Collection entries
******************************

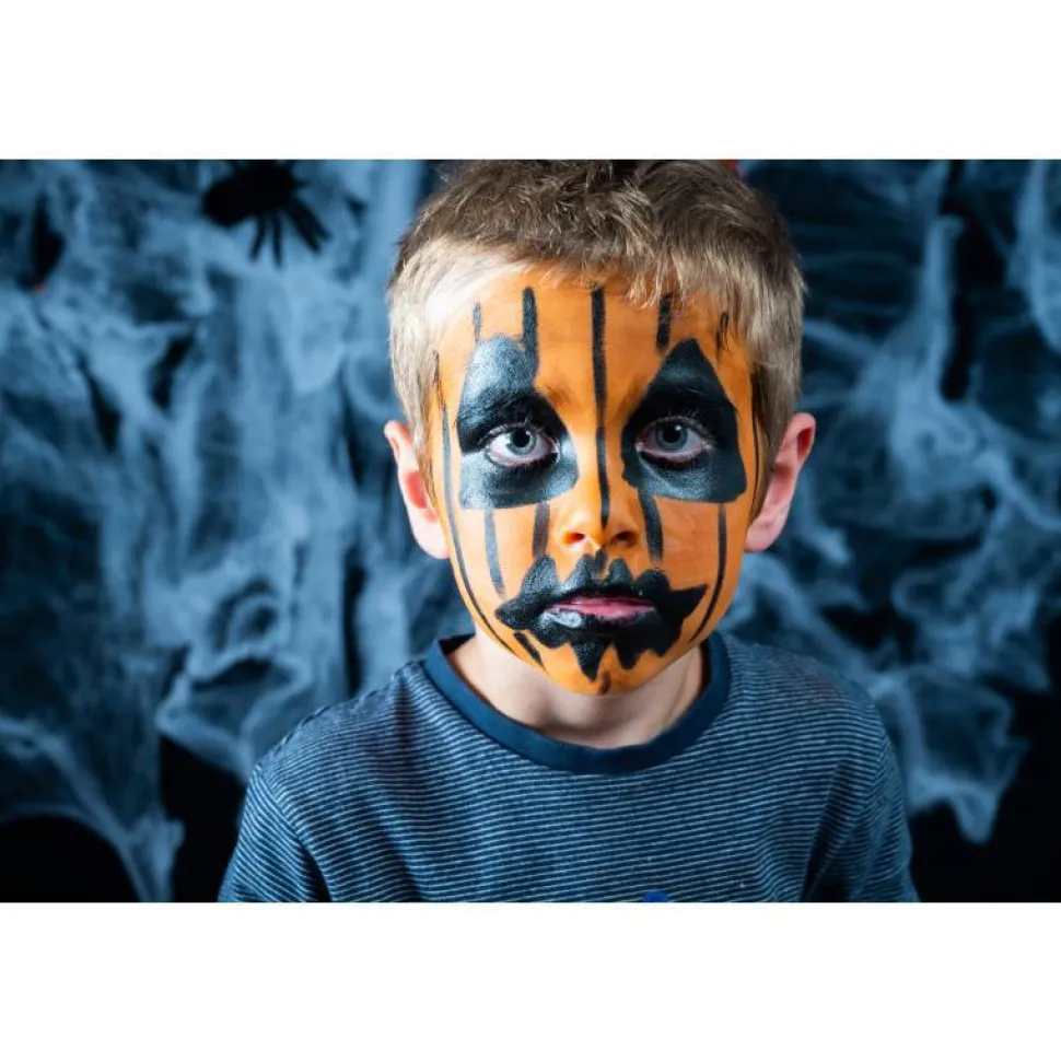 ¡Divertida calabaza o terrorífico esqueleto! Crea personajes con este kit de 3 colores biocertificado de maquillaje al agua hipoalergénico y orgánico certificado.
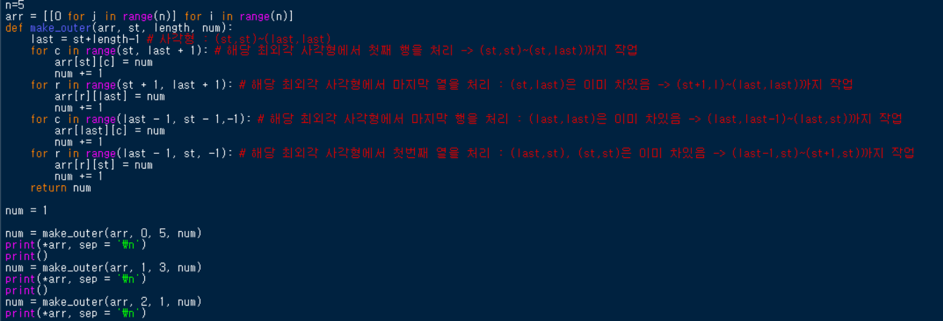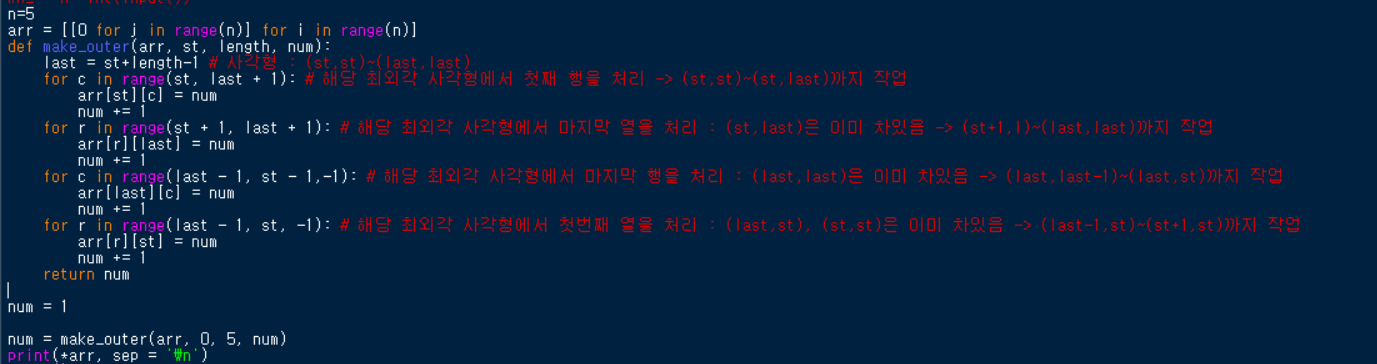 for c in range(last - 1, st - 1,-1): # 해당 최외각 사각형에서 마지막 행을 처리 : (last,last)은 이미 차있음 -> (last,last-1)~(last,st)까지 작업
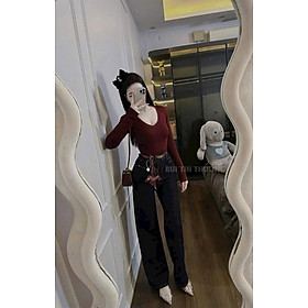 ✨Áo thun dài tay nữ cổ tim có đệm vai HOT HIT
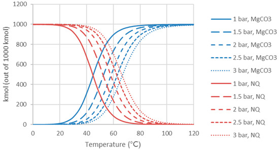 Our recent studies have shown that at temperatures of 50–65 °C the dehydration (charging heat by releasing crystallization water) of NQ, forming MgCO3 is possible for TES system purposes. For hydration of MgCO3, discharging heat, temperatures as low as 5–25 °C have shown to be suitable [13]. This reversible reaction can be used for a TES according to Figure 1. Obviously, any heat source with a temperature of at least 50 °C is suitable for charging the system (i.e., dehydration). However, to take advantage of the system, heat sources not meeting demand by the hour should nonetheless be used, as both given in Figure 1. Therefore, solar heat and district heat using primarily renewable energy sources are the obvious heat sources, but excess heat from the cooling of houses or other buildings could also possibly be used if its temperature is above 50 °C.
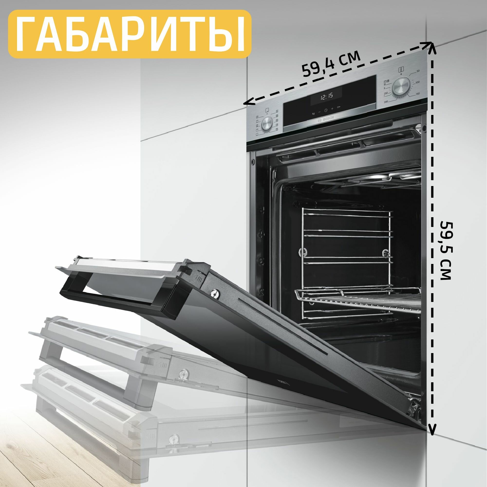 СохранитьДуховой шкаф Bosch HBG517ES0R, Serie 6, 3D горячий воздух, быстрый разогрев, гриль с конвекцией, серебристый интересное:
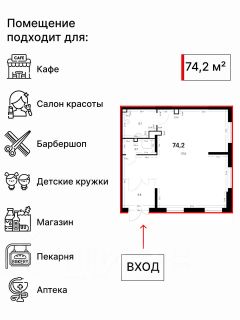 Сдается помещение свободного назначения от собственника: 74.20 кв.м. в жилом квартале "Ильинские Луга".
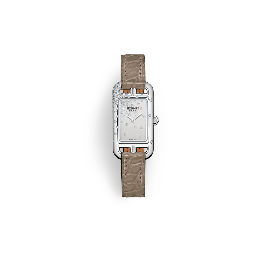 Nantucket,난투켓,Hermes,에르메스,Nantucket NA2.171,Hermes Nantucket White Mother of Pearl MOP Diamonds Bezel Diamonds NA2.171 W404985WW00,에르메스 난투켓 난터켓 로즈 골드 자개 MOP 다이아 다이아몬드 베젤 다이아 다이아몬드 NA2.171 W404985WW00,쿼츠,사파이어 크리스탈,Rose gold,Hook clasp (jewelry clasp),3-9 o'clock diamond-set hour markers,6-12 arabic numerals,3-9 o'clock diamond-set hour markers, 6-12 arabic numerals
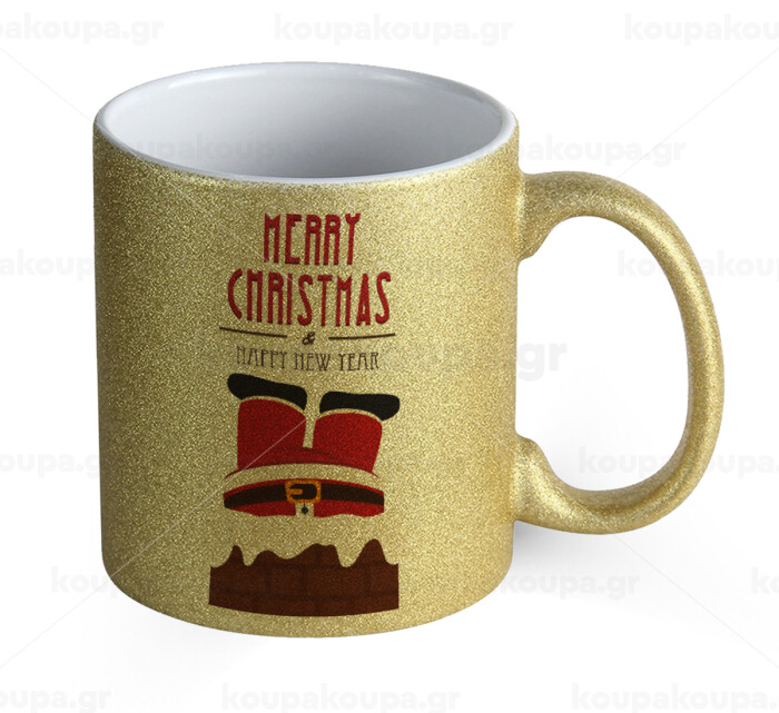 Merry christmas chimney, Κούπα Χρυσή Glitter που γυαλίζει, κεραμική, 330ml
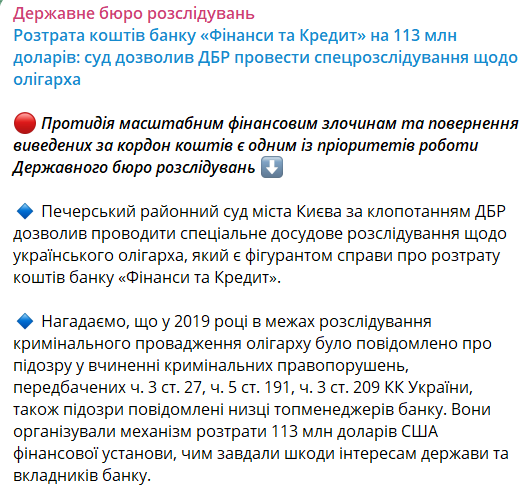 "Печерский районный суд Киева по ходатайству ГБР разрешил проводить специальное досудебное расследование по украинскому олигарху, который является фигурантом дела о растрате средств банка "Финансы и кредит", - говорится в сообщении.
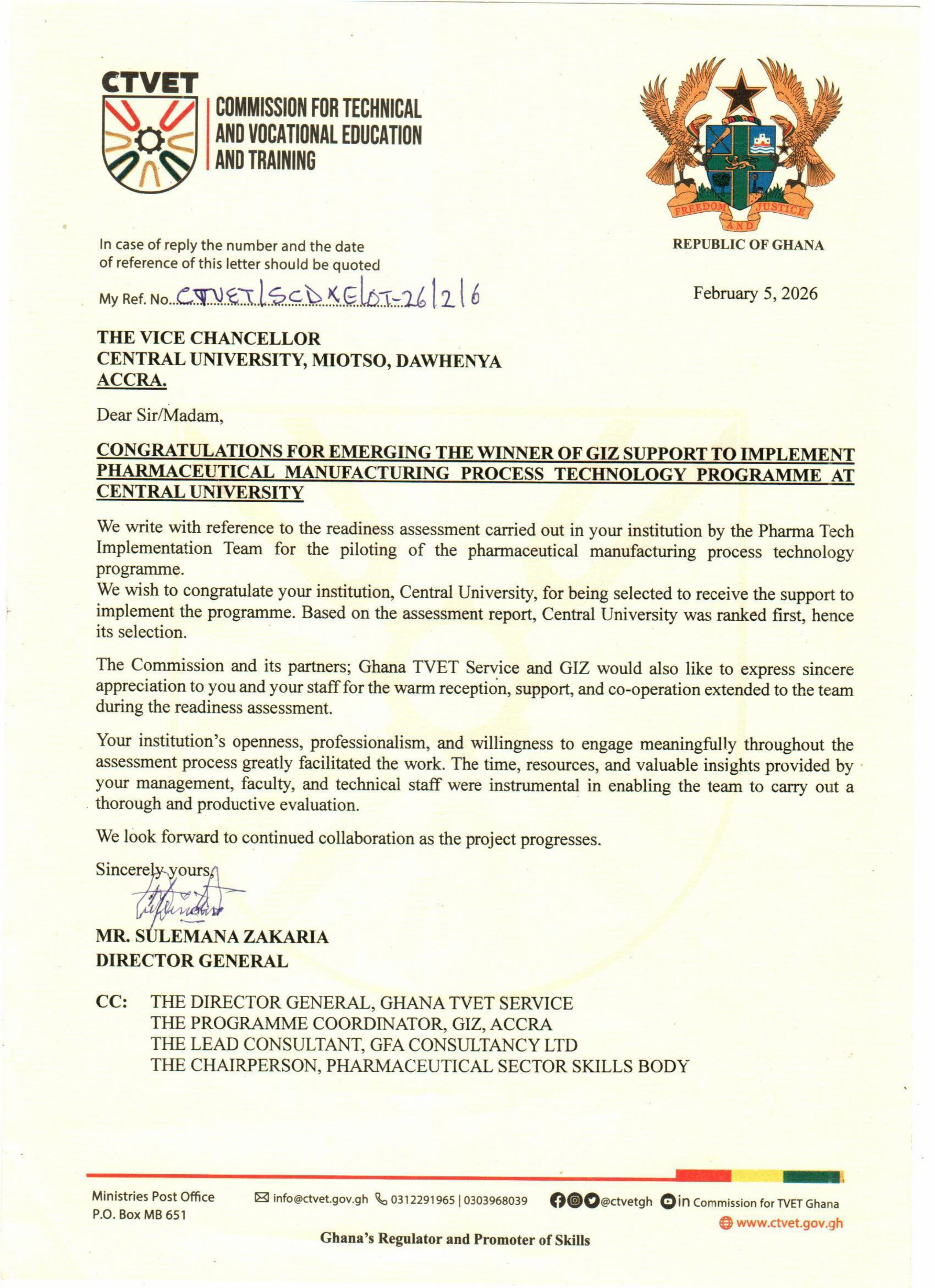 In an official communication dated February 5, 2026, the Commission for Technical and Vocational Education and Training (CTVET) congratulated the University on its outstanding performance, noting that Central University emerged top among assessed institutions and was therefore selected to benefit from the programme’s implementation support.
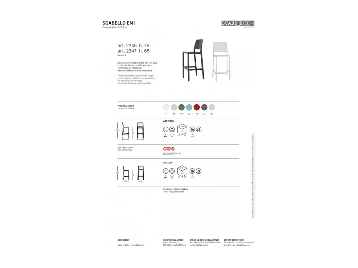 SET 4 SGABELLI EMI TECNOPOLIMERO HT 65CM MADE IN ITALY SCAB DESIGN - Lino 11

******************************

● Required work: Be exact. Write out all the entries and omit the pictures.

● Solution for this task:
 ¡Divertida calabaza o terrorífico esqueleto! Crea personajes con este kit de 3 colores biocertificado de maquillaje al agua hipoalergénico y orgánico certificado.
 for c in range(last - 1, st - 1,-1): # 해당 최외각 사각형에서 마지막 행을 처리 : (last,last)은 이미 차있음 -> (last,last-1)~(last,st)까지 작업
 ✨Áo thun dài tay nữ cổ tim có đệm vai HOT HIT
 Our recent studies have shown that at temperatures of 50–65 °C the dehydration (charging heat by releasing crystallization water) of NQ, forming MgCO3 is possible for TES system purposes. For hydration of MgCO3, discharging heat, temperatures as low as 5–25 °C have shown to be suitable [13]. This reversible reaction can be used for a TES according to Figure 1. Obviously, any heat source with a temperature of at least 50 °C is suitable for charging the system (i.e., dehydration). However, to take advantage of the system, heat sources not meeting demand by the hour should nonetheless be used, as both given in Figure 1. Therefore, solar heat and district heat using primarily renewable energy sources are the obvious heat sources, but excess heat from the cooling of houses or other buildings could also possibly be used if its temperature is above 50 °C.
 СохранитьДуховой шкаф Bosch HBG517ES0R, Serie 6, 3D горячий воздух, быстрый разогрев, гриль с конвекцией, серебристый интересное:
 Сдается помещение свободного назначения от собственника: 74.20 кв.м. в жилом квартале "Ильинские Луга".
 Nantucket,난투켓,Hermes,에르메스,Nantucket NA2.171,Hermes Nantucket White Mother of Pearl MOP Diamonds Bezel Diamonds NA2.171 W404985WW00,에르메스 난투켓 난터켓 로즈 골드 자개 MOP 다이아 다이아몬드 베젤 다이아 다이아몬드 NA2.171 W404985WW00,쿼츠,사파이어 크리스탈,Rose gold,Hook clasp (jewelry clasp),3-9 o'clock diamond-set hour markers,6-12 arabic numerals,3-9 o'clock diamond-set hour markers, 6-12 arabic numerals
 Merry christmas chimney, Κούπα Χρυσή Glitter που γυαλίζει, κεραμική, 330ml
 "Печерский районный суд Киева по ходатайству ГБР разрешил проводить специальное досудебное расследование по украинскому олигарху, который является фигурантом дела о растрате средств банка "Финансы и кредит", - говорится в сообщении.
 In an official communication dated February 5, 2026, the Commission for Technical and Vocational Education and Training (CTVET) congratulated the University on its outstanding performance, noting that Central University emerged top among assessed institutions and was therefore selected to benefit from the programme’s implementation support.
 SET 4 SGABELLI EMI TECNOPOLIMERO HT 65CM MADE IN ITALY SCAB DESIGN - Lino 11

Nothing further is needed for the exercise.